The “voice” of the novel is not delivered with the mature Austen measure, but is instead a cry of youthful anguish, the acknowledgment that one’s parents often present an acute embarrassment. The silly are allowed to lead the sensible into peril. And parents are capable of separating their children from their destinies, simply by being parents: blockish, awkward, old-fashioned, countrified, and coarse. In novel after novel the Austen pattern is replayed, the non-Darwinian emergence of brilliance from a dull dynasty: Elizabeth Bennet’s ravishing intelligence, Fanny Price’s perfect balance, Anne Elliot’s assurance and sense of self—all these women overthrow the throttled lives they are born into and the oafish parents who bring them into the world and then leave them adrift. There is a sense in which Jane Austen wrote not so much about marriage as about the tension between parents and children, the inevitable rupture between generations and the destruction that carelessness and inattention to these bonds can bring about. We are led inevitably back to the question of her own parents, and the glazed cleverness, and perhaps care, with which she covered the Austen biographical tracks.
Because her bright, splintery dialogue is so often interrupted by a sad, unanswerable tone of estranged sympathy, stirred by complacent acts of hypocrisy or injustice, the reader of Austen’s novels comes again and again to the reality of a ferocious and persistent moral anger. It is a manageable anger, and artfully concealed by the mechanism of an arch, incontrovertible amiability. Even her own family, her close circle of readers, may have missed the astringency of her observations.

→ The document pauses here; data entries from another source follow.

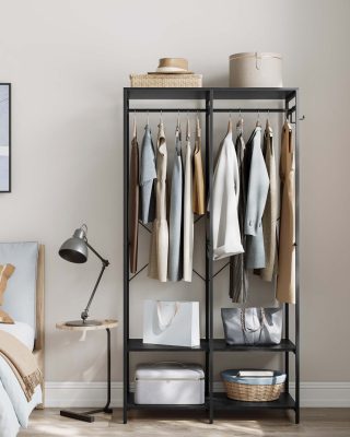 • Ruhatartó, nagy teherbírású ruhatartó, akasztórudakkal, tárolópolcokkal, ébenfekete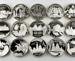 Gorgeous lot of 15 Sterling Silver Rounds (5 oz. Each) Each minted in Russia, 25 Rubles each, Proof Strikes Years Include 1996 Wildlife - Amur Tiger Proof 25 Rubles 2001 Bolshi Theater Ballet Romeo Juliet 25 Rubles 2004 The 2nd Kamchatka Expedition 1733 - 1743 2004 Holy Trinity St. Sergius Lavra 25 Rubles 2007 F.A. Golovin 25 Rubles 2008 Wildlife - European Beaver 25 Rubles 2008 Astrakhan Kremlin 25 Rubles 2009 The Saint Trinity Skanov Monastery Pensa Region 25 Rubles 2010 Alexandro-Svirsky Monastery Sloboda 25 Rubles Coins are all in Proof Uncirculated condition Great Silver Set! California Buyers: 9% sales tax will be added. Returns Policy: About Us: Continental Coin and Jewelry Company Web Department: Monday - Friday, from 10:30am - 6pm PST Reference Item #FCC-3241 JP 6/2/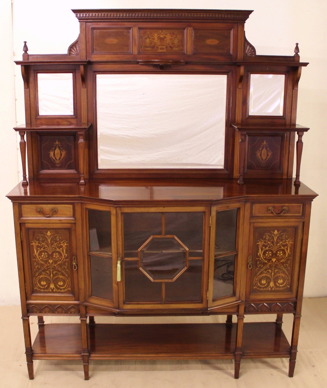 Late Victorian Inlaid Mahogany Parlour Cabinet c.1890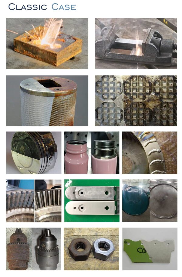 - WIDE APPLICATIONS: This laser cleaner is widely used in aviation and marine, electromechanical, rubber mold, equipment manufacturing, auto parts, and food processing. Common Applications: classic car rust paint repair, steel construction rust removal, graffiti removal, metal parts cleaning, paint stripping and removal, rust and corrosion removal, etc.
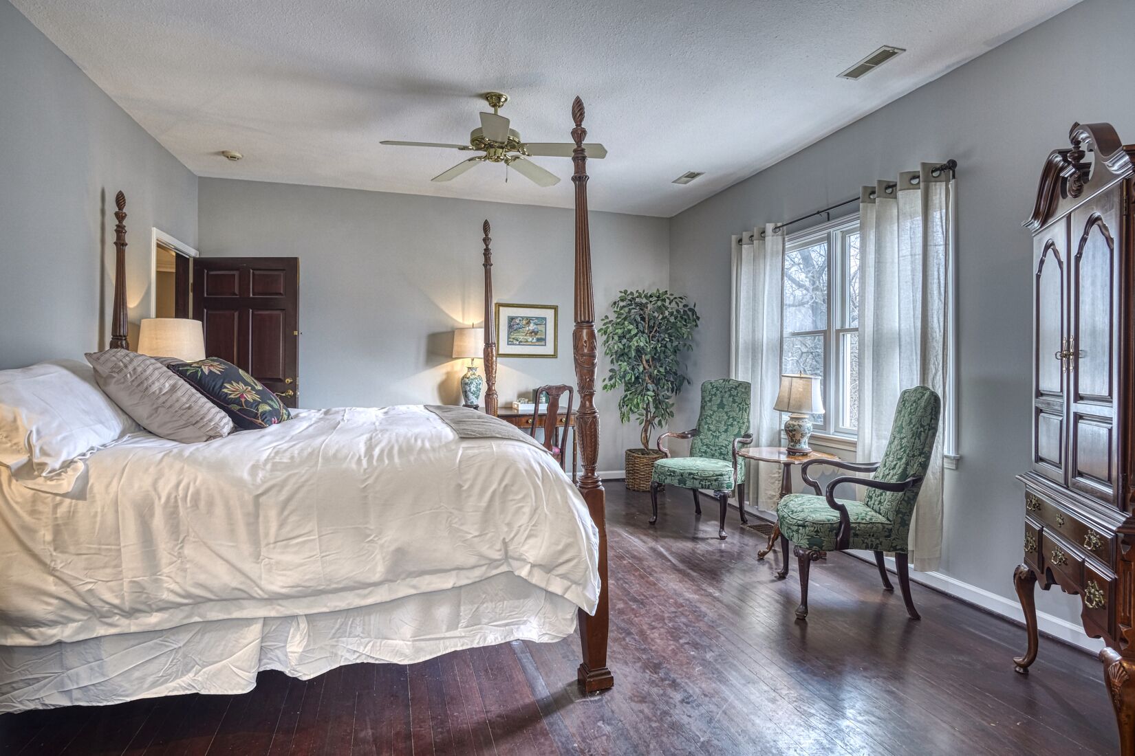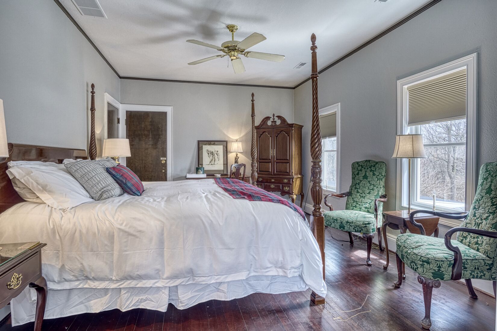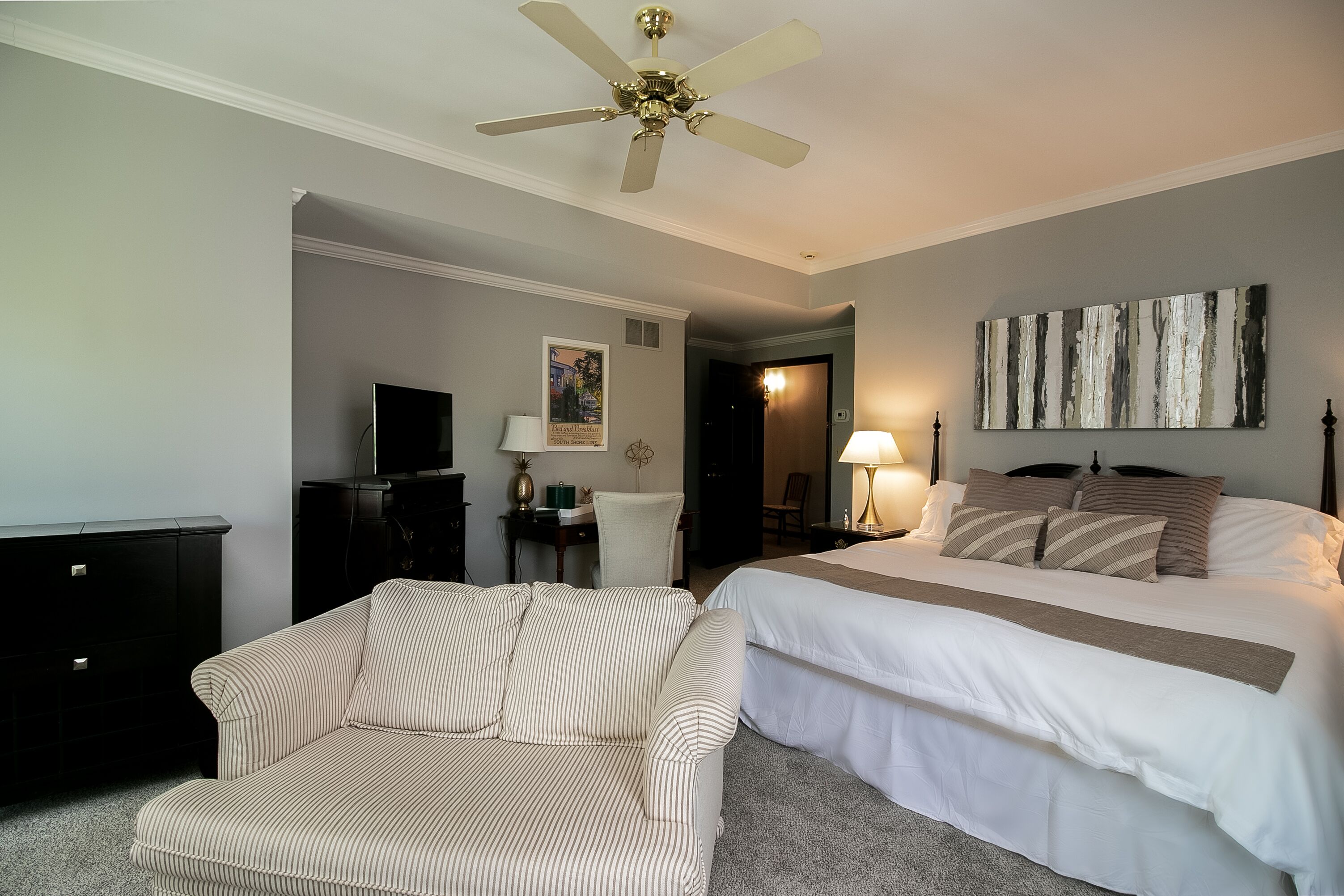 -Master Bedroom on the main floor: 2 people (King bed & ceiling fan.)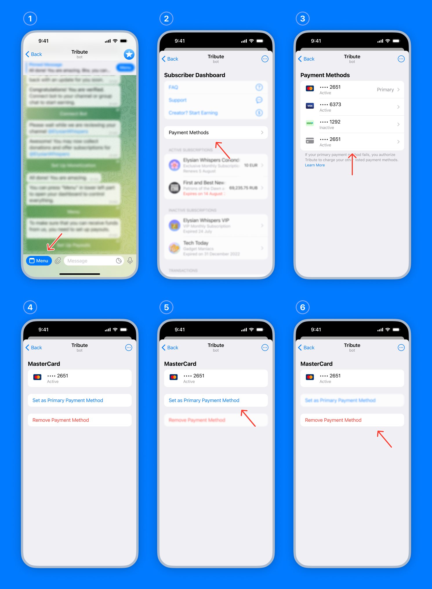 Open «Menu» in the Tribute bot.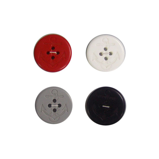 This 4-hole button is made of top-grade polyester for durability. It is designed with an anchor logo on its flat top for a touch of style. This polyester button comes with a shiny polished finish.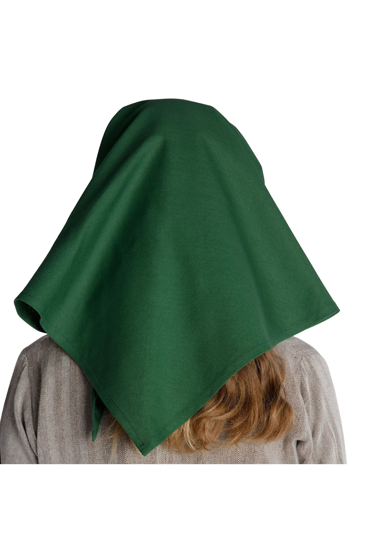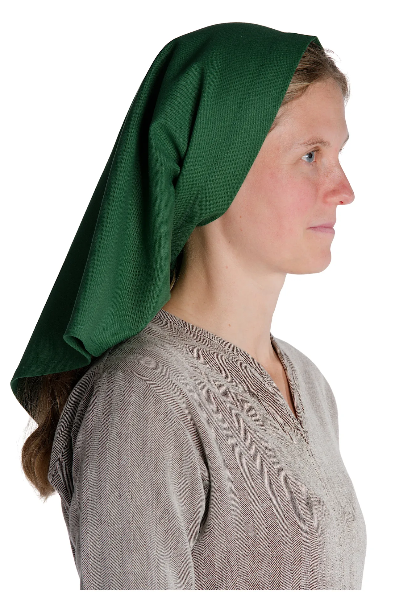 Versatile headscarf in triangular shape in the style of the Middle Ages. The Headscarf Laudamie is available in the colors beige, black, green, red, blue and brown and is one size. The item is made of cotton and machine washable at 40°C. The Medieval headscarf comes without accessoires.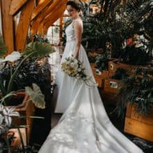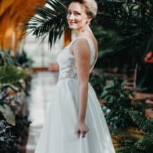 Idén agusztusban volt az esküvőnk, amelyre az Eklektika szalonból béreltem a ruhát. Küldök pár képet, amiken különösen hangsúlyt kap a ruha hosszú, és gyönyörű uszálya. Remélem a legközelebbi menyasszony is olyan jól fogja érezni magát benne, mint én.
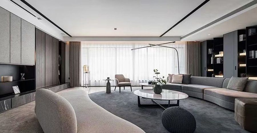 带有磨砂质感的纯色壁纸搭配上质感柔软的布艺沙发,让整个会客区域洋溢着舒适温馨气息。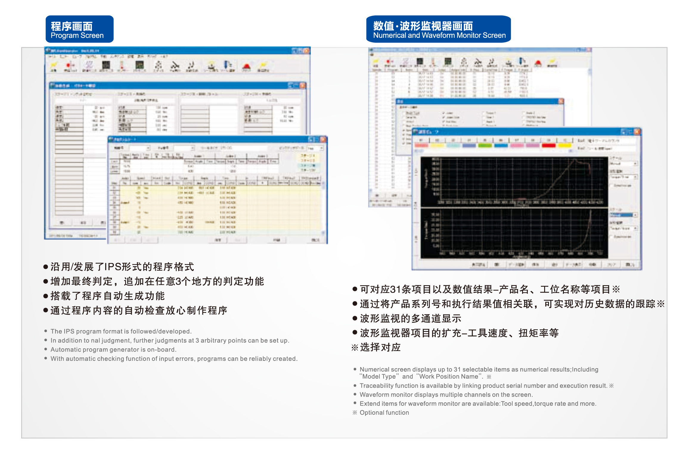 內(nèi)藏式構(gòu)造的螺絲擰緊機(jī),簡(jiǎn)約輕巧 全數(shù)字化 多樣豐富的擰緊方式 豐富的數(shù)據(jù)處理軟件系統(tǒng) 多樣的網(wǎng)絡(luò)功能

Her own reading had comprised sentimental novels and novels of terror. These models must have disappointed her in some way, failing in their connection to the life she knew existed and proving incapable of illuminating the subtle shifts of feeling between people as they came to know each other. Probably she found the novels she read just a little absurd, and for a time she was able to rejoice in the humor and horror they provided. It was their exaggeration that made them absurd, but the real absurdity lay in their preoccupations, the strangeness of the human dilemmas on the page. What she wanted, and what she accomplished, was the dramatization of the familiar, the recognizable; and though Pride and Prejudice is closer to being a romance than any of her other novels, it takes as its subject the very issue that Jane Austen was struggling with at the age of twenty-one.